We mourn the extinction of flora and fauna species, but what of languages? More than half of the world’s 7000 languages are expected to die out by the end of the century (maybe many more if climate change denialists continue with their rhetoric). In a fascinating section called “Languages speak in unexpected ways” (pp 304 – 307), Macintyre points to the connection between language and bio-diversity and how languages of ethnic groups “contain vitally important information about species often unknown to formal science”. The Mexican Tzeltal tribe knew that although the adult two-barred flasher butterflies all looked the same, different types of larvae attacked different crops. So agriculture and survival depended on knowing and naming each distinct variety of larva. While scientists long assumed this butterfly was a single species, thay have now confirmed what the Txeltals knew a long time ago – that there are at least ten species of the two-barred flasher butterfly.
From literature to science
“Doodling on his notepad in 1981, the science fiction writer William Gibson was trying to think of a name for an invisible electronic communications network he had dreamt of for a new short story, ‘Burning Chrome’. ‘Dataspace’? No, he crossed that out. ‘Infospace’? No, too nerdy. Then he hit of the perfect word, scientific-sounding, but also alliterative and oddly poetic: ‘cyberspace’. …. It would be another decade before the internet transformed the world, but a novelist’s imagination had already given shape and meaning to something that science had yet to invent”. (p58)
And the internet was to change English ‘more radically than any invention since paper and much faster. The English language is currently embracing new words at a rate not seen since the proliferation of new words during Shakespeare’s time’. (p140) “If a word works, the internet breathes life into it’. (p142 )
Macintyre (p163-166) writes of Scots as a language of the heart (rather than the head like English) and, in this, Scots retains its ‘hearty expressiveness’ and its ‘agile vividness’. I think South African slang gives Scots a run for its money in terms of ‘hearty expressiveness’.

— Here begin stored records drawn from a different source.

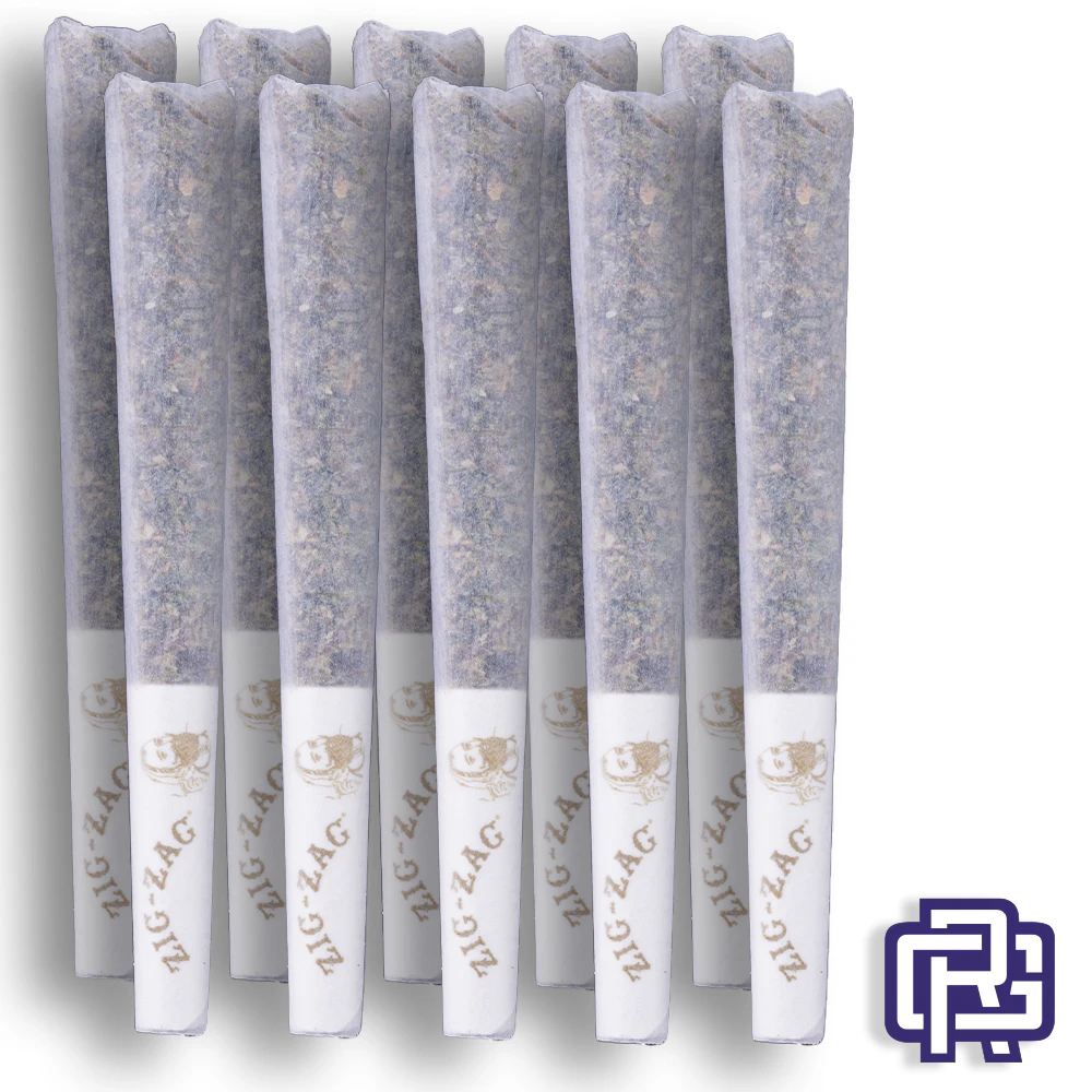 Indica | Genetics: Layer Cake x Wedding Cake | Cultivator: Derby's Farm | Inputs: Single Source, Indoor-Grown, From 100% Whole Nugs/0% Shake or Trim | Each strain-specific pre-roll pack contains ten (10) 0.5g pre-rolls for a total of 5 grams of usable cannabis. | 30.81% Total Active Cannabinoids (TAC)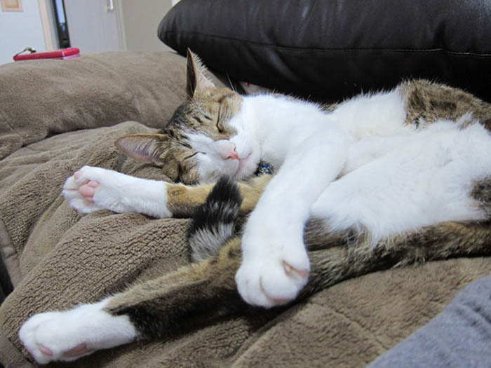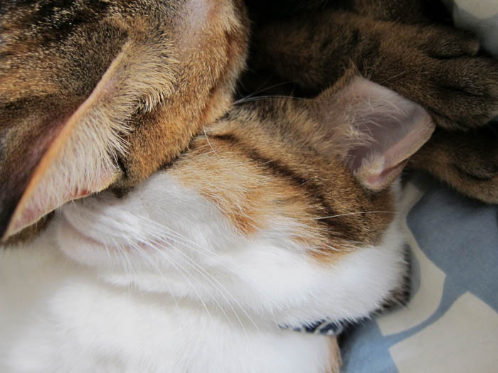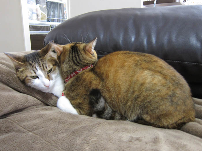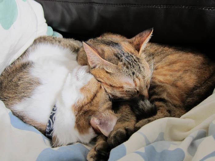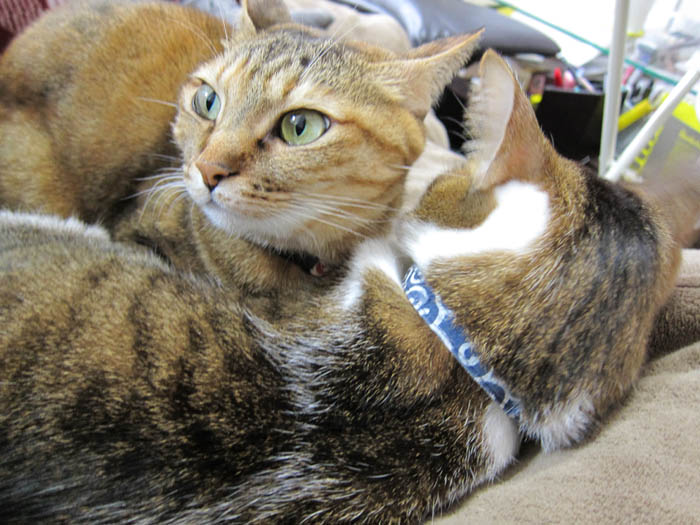 新規写真追加。猫ベッドの中で2匹が色々。ぽっけ♂の寝相バリエーションとぴっち♀のあくび。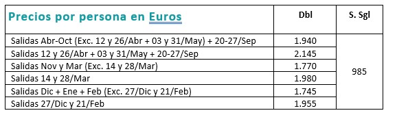 VIGENCIA La vigencia del programa/folleto será del 01 de abril de 2025 al 31 de marzo de 2026, excepto en aquellos viajes en los que se indique comienzo o fin en fecha diferente.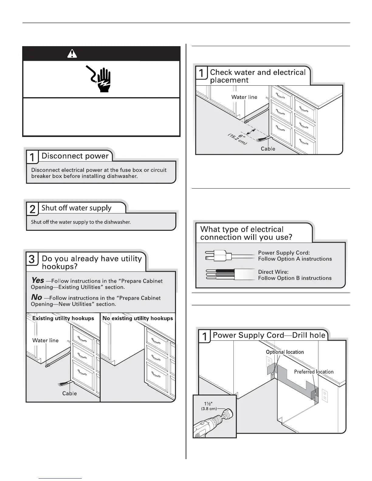 Drill a 1¹⁄₂" (3.8 cm) hole in cabinet side or rear.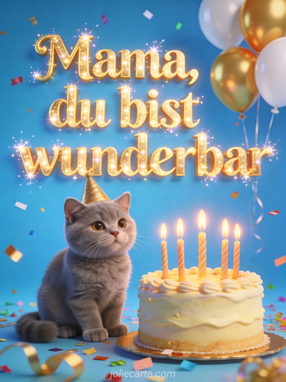 Sag Mama, dass sie wunderbar ist, mit einer fröhlichen Geburtstagskarte mit grauer British Shorthair Katze, leuchtendem Kuchen, goldenen Ballons und festlichem Konfetti. Du kannst auch eine Alles Gute zum Geburtstag Karte für Mama, eine Karte mit Alles Gute zum Geburtstag Mama Herz oder eine Geburtstagskarte für die eigene Mama senden.
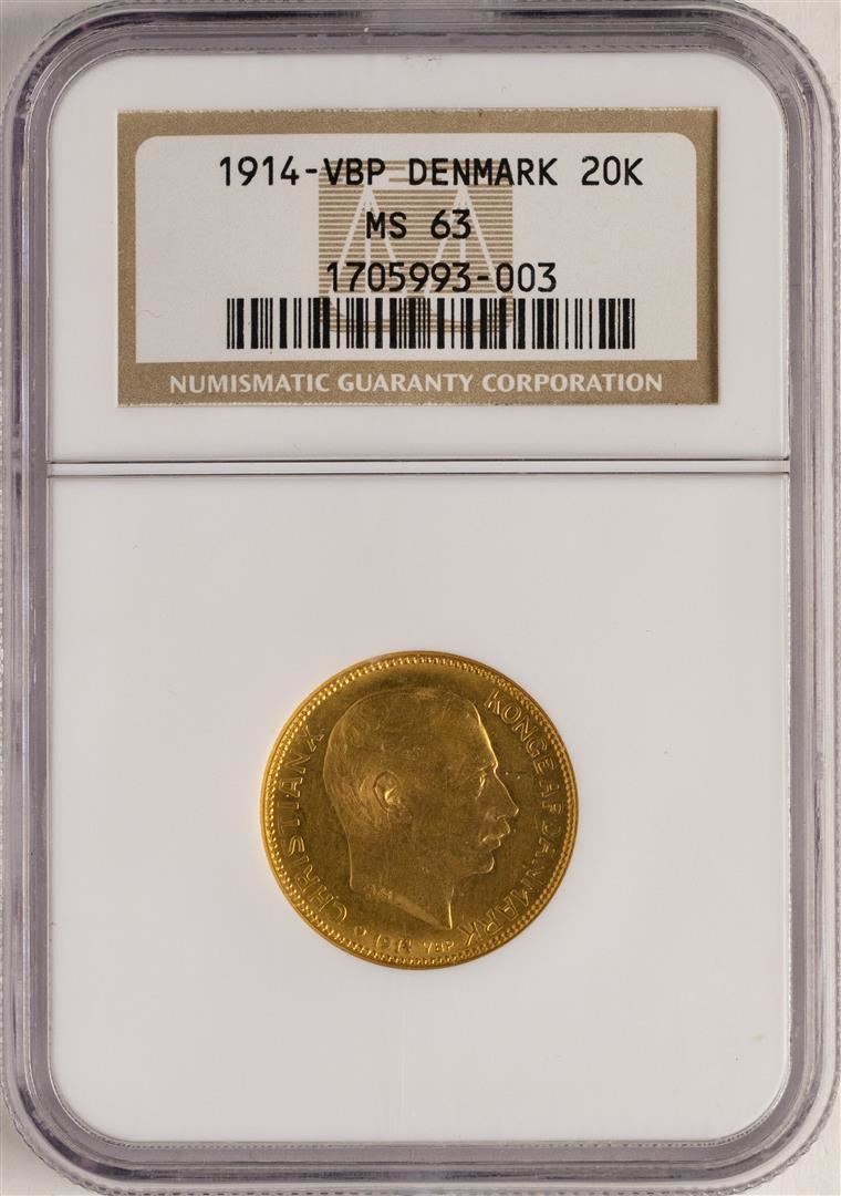 One 1914-VBP 20 Kroner Denmark Gold Coin NGC MS63. NGC Certified.

Consider, for example, the variety of words [in Scots] for different sorts of wind: ‘skolder’, ‘guster’, skuther’, ‘shushle’, ‘tirl’ and ‘gurl’. Only Scots could have produced the word ‘dreich’ – meaning ‘dark, gloomy and dour’ – but above all evoking the weather pattern, peculiar to Scotland, when the rain blots out the horizon. Sometimes for weeks on end. ‘Hochmagandie’ is a far better word than mere ‘fornication’. Who would not rather blow their nose (‘neb’) into a ‘snochterdichter’ than a mere handkerchief?’
And it seems that it is not just wind that the Scots have many words for:If you don’t know why snow is so important to the Scots, you have clearly not tried to wear a kilt in this weather!
And finally it is said that George Bernard Shaw thought that cricket was invented to give the unspiritual English an understanding of eternity.
And these gems above are just a fraction of the wonderful tidbits from the rest of the book. Highly recommended escapist read.